┌──

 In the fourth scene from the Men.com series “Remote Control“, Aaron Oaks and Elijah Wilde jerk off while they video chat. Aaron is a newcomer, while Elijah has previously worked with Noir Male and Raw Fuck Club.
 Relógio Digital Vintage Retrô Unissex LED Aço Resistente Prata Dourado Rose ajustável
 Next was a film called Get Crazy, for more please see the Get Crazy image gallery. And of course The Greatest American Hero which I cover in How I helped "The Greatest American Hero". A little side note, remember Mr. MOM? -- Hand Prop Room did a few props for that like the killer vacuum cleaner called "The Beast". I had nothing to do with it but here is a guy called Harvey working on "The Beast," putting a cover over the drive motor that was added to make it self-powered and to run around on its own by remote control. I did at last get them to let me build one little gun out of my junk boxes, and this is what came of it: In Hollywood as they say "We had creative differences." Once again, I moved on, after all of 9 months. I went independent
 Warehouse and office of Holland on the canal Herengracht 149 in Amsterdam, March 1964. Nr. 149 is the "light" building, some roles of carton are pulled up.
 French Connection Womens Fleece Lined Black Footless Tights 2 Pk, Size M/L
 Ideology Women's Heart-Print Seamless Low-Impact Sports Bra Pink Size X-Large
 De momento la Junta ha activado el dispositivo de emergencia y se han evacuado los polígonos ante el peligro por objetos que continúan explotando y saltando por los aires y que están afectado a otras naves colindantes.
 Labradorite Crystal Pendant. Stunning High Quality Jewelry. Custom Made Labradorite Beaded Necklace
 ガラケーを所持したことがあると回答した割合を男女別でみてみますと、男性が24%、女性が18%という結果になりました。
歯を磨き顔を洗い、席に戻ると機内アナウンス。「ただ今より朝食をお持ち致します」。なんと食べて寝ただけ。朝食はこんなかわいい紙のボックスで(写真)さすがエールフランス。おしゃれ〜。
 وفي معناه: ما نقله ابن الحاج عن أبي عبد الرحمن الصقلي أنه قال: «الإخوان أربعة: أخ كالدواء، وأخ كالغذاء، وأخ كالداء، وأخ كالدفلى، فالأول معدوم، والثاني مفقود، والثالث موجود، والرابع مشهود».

└──

- [How to complete this task] Count how many lines of the listing above include "they" and report that number alone.

- [Task answer] 2